■ **What you have to do**
Leave the images aside and repeat the whole listing exactly.

[Data section — start]

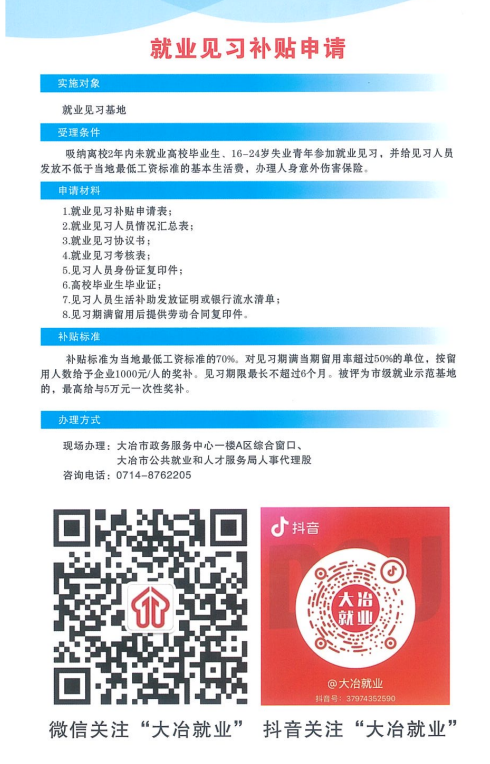 大冶市就业见习补贴申领服务指南
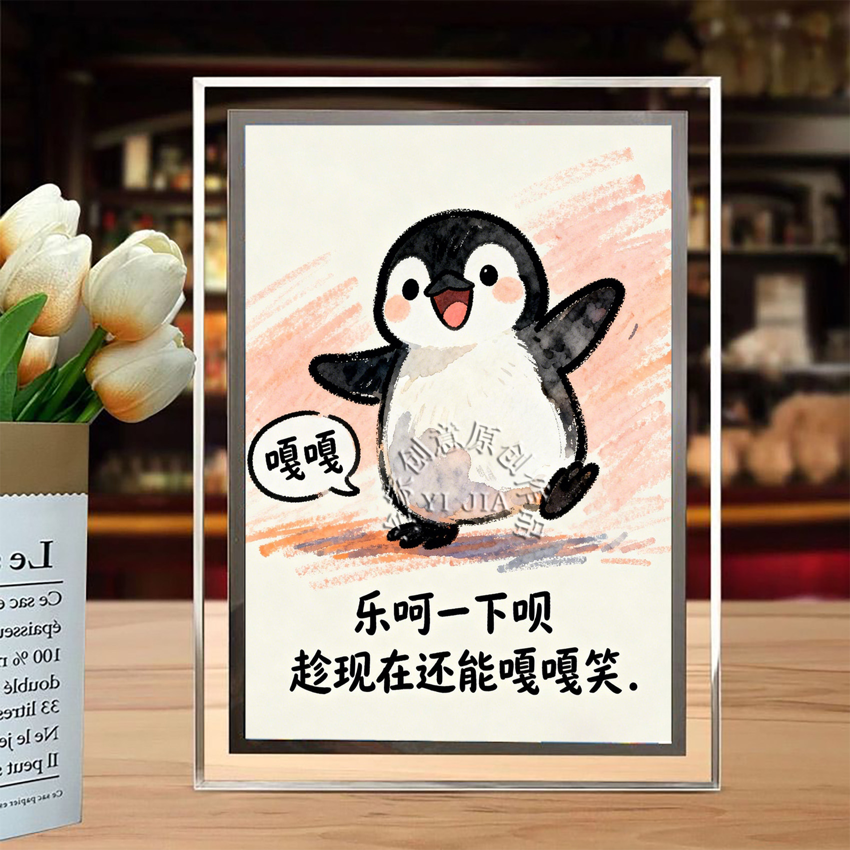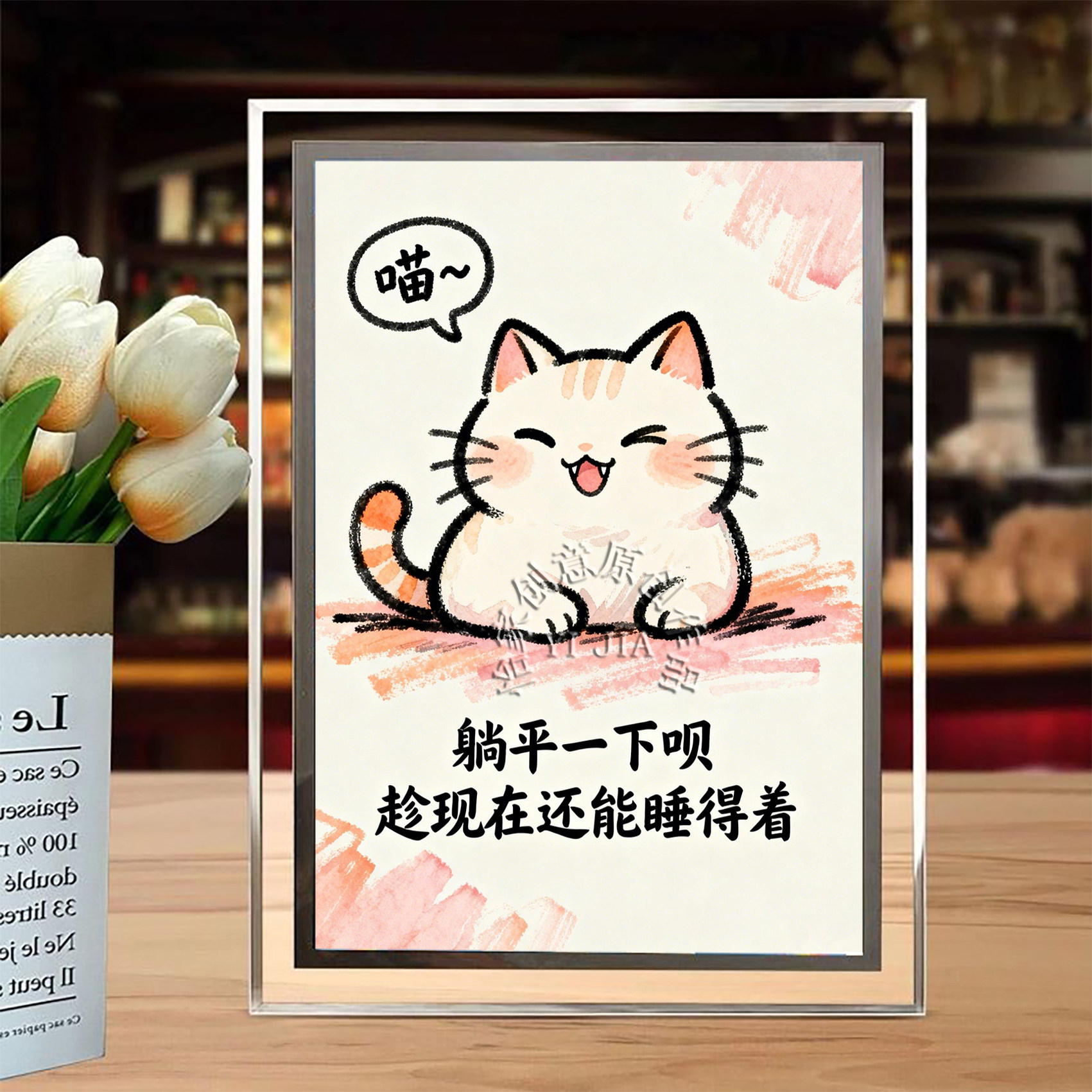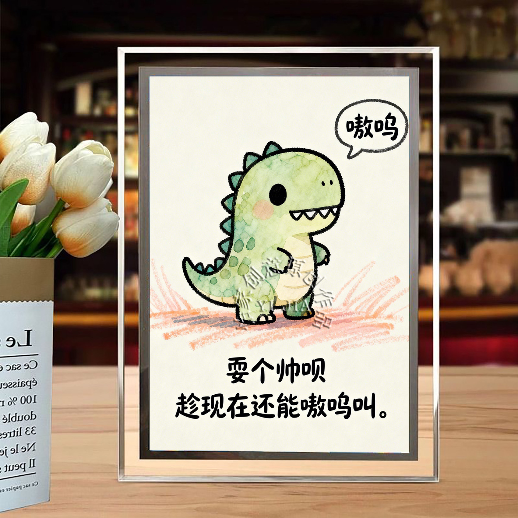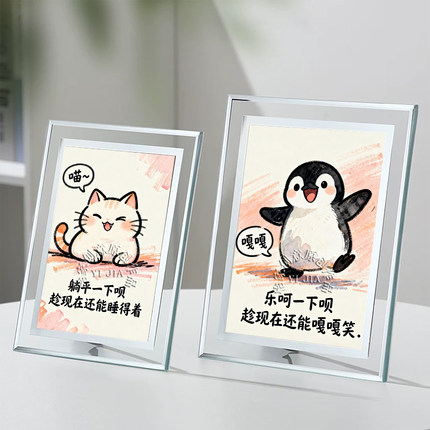 可爱卡通动物桌面摆台画水晶相框摆件创意装饰画治愈高级新款礼物
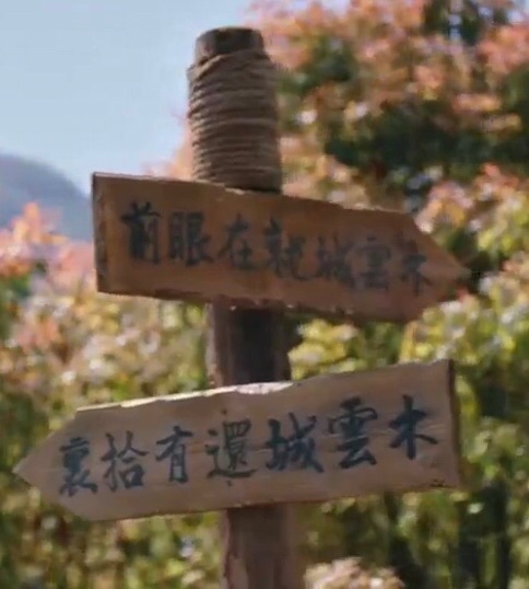 然后又有一位身穿一袭粉白衣戴面纱的女子在跑着,身后都是黑道的人,再在黑道后面的就是被三个奇怪的人追着的浅绿衣男子,他/她们两个也先后看到了路牌,也毫不犹豫的往前跑去

[Data section — finish]

■ **Answer section**
 大冶市就业见习补贴申领服务指南
 可爱卡通动物桌面摆台画水晶相框摆件创意装饰画治愈高级新款礼物
 然后又有一位身穿一袭粉白衣戴面纱的女子在跑着,身后都是黑道的人,再在黑道后面的就是被三个奇怪的人追着的浅绿衣男子,他/她们两个也先后看到了路牌,也毫不犹豫的往前跑去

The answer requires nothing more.